Of course I wasn't. I couldn't even manage to have a rebound fling properly.

At eight thirty, a knock on the door disturbed my misery. Oh, hurrah. Breakfast was here. Sent by Adam. More tears formed from somewhere and leaked out onto the pillow, leaving a streak of black as they mixed with what was left of my mascara.

The waiter didn't knock again for a whole hour. Were the catering team on Egyptian time too?

"I don't want any breakfast, thank you." My voice cracked on every word.

What was that metallic scraping sound? And how did Gabe get into my room?

He held up a bunch of keys, answering my unasked question. "I have a friend who works in hotel security, and I told him I was concerned about your welfare. Now, what's going on?"

"Nothing. I'm fine."

He burst out laughing. "Missy, you're crying in bed wearing yesterday's clothes when you should be at the dive centre. Adam's turned up, but he looks as pissed as a cobra in a frying pan. 'Nothing'..." Gabe made little air quotes. "Is not the answer I'm looking for."

I didn't know Gabe well enough to go into the sorry details of my sex life, or rather my lack of one. I'd save that for Kat later. Mental note: ask her to bring more tissues.

"Adam and I had a difference of opinion last night."

"That sounds like the understatement of the year."

"Well, it's as much as you're getting, so if you wouldn't mind leaving, I need to get some rest."

Why was I so much braver when I was upset and sleep-deprived?

"No can do. You've paid for the course, and you're damn well going to finish it. You've got thirty seconds to get out of bed and into the bathroom before I carry you to the dive centre as you are."

He stared down at me, biceps flexing as he folded his arms.
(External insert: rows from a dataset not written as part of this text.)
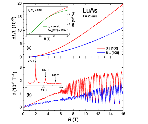 Niewysycający się ekstremalny magnetoopór i wielka elektronowa magnetostrykcja w LuAs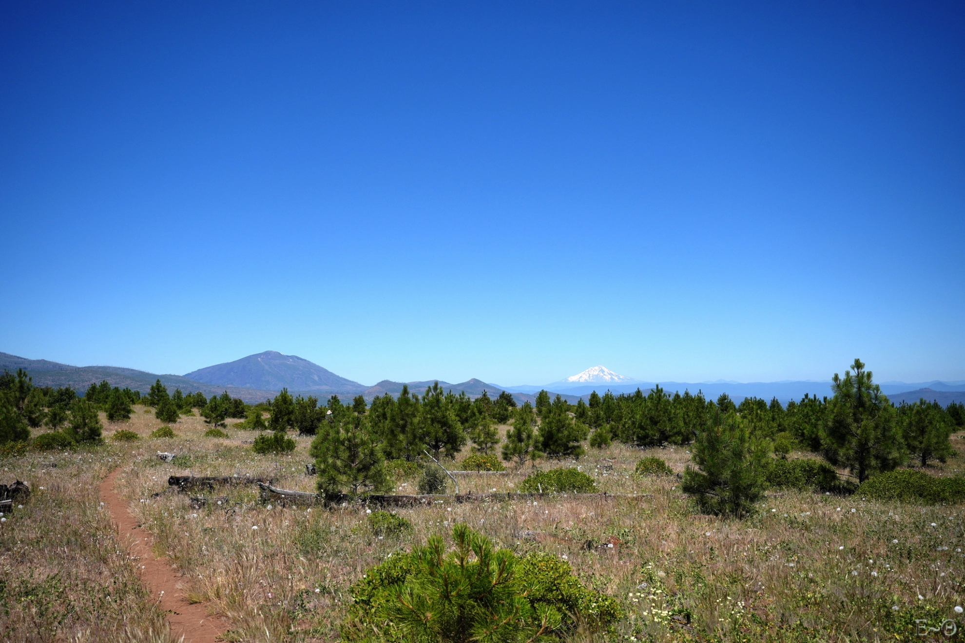 En contrepartie, les vues dégagées qui s’offrent aux randonneurs sont magiques. Le mont Lassen bien enneigé à notre gauche, et le mont Shasta, copie du mont Fuji domine la vallée en contre bas. La plaine aride qui fait penser à la savane africaine est jaune paille. La sécheresse commence. Le chemin progresse sur un sol volcanique rougeâtre de latérite bien salissante.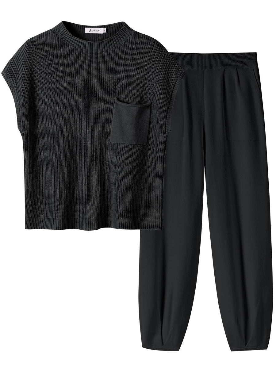 - Fashionable style - Flaunt your fashion statement with this stylish Two Piece Outfit, featuring a cap shoulder knit crop top and high waist taper knit pants for a trendy and chic look.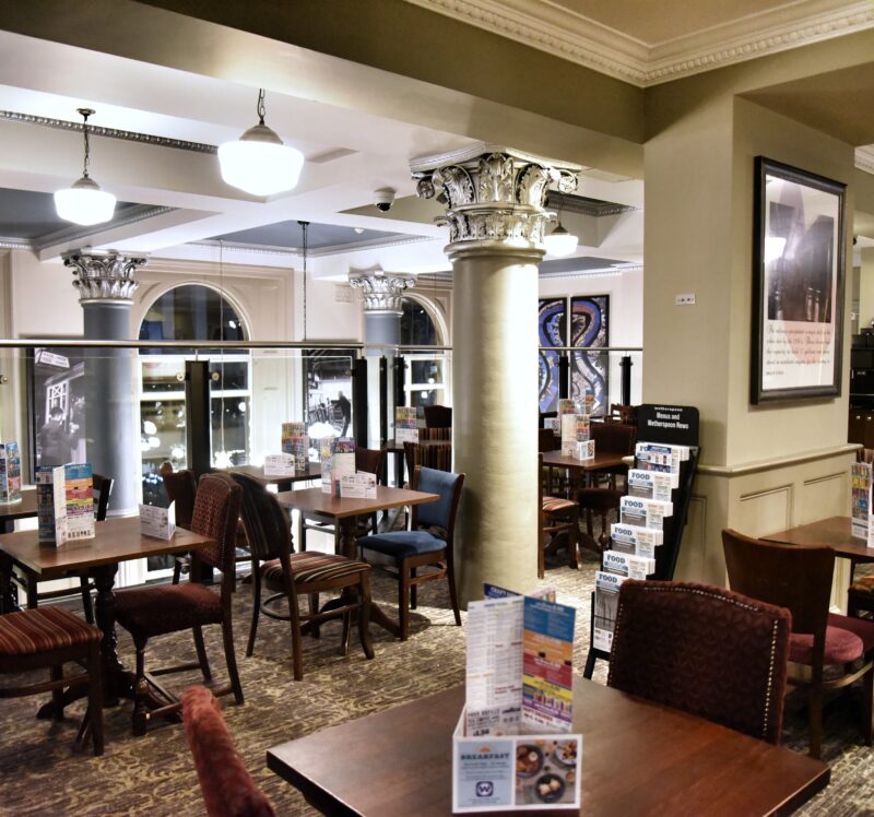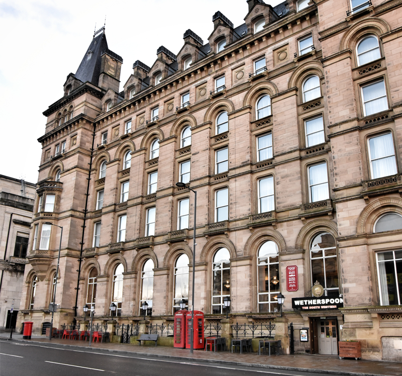 This grade II listed building was originally the North Western Hotel. The 330-room hotel was built by the London and North Western Railway to serve Liverpool Lime Street station. It was designed by the renowned Liverpool-born architect Alfred Waterhouse. The North Western Hotel closed in the 1930s. It stood empty until 1996, when the upper floors were converted into halls of residence and the ground floor became a public house – which now has its original name.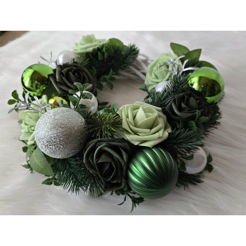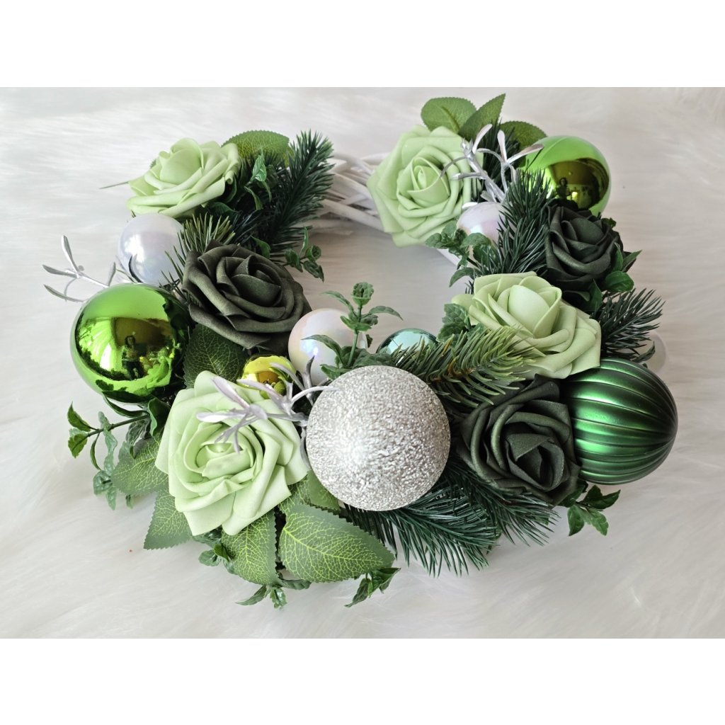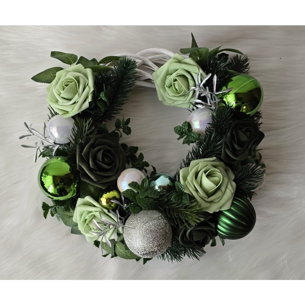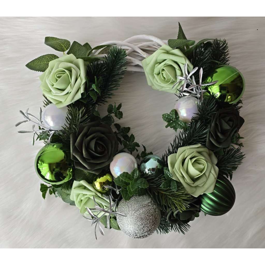 Elegantní vánoční věnec v odstínech zelené se stylovými růžemi, kouličkami a zimní výzdobou. Kombinace svěží zelené, stříbrné a bílé barvy působí moderně i přírodně. Skvělý doplněk pro vánoční dveře, stůl nebo okno. Ručně vyráběná dekorace, která vnese do vašeho domova harmonii a sváteční klid.

I didn't doubt he could make good on his threat.

Or that he would.

Fine. Fine, fine, fine. I got up and stomped over to the bathroom.

"And don't even think about locking the door," he shouted through the wood. "I've got a screwdriver, and I'll take the hinge pins out."

Dammit! How did he know that was my plan?

I showered and brushed my teeth as slowly as I possibly could. Flossing was very important, so my dentist always told me. She'd have been proud of me that morning. I got dressed in the plainest one-piece I owned and covered it up with a shapeless black kaftan, then went back out to Gabe.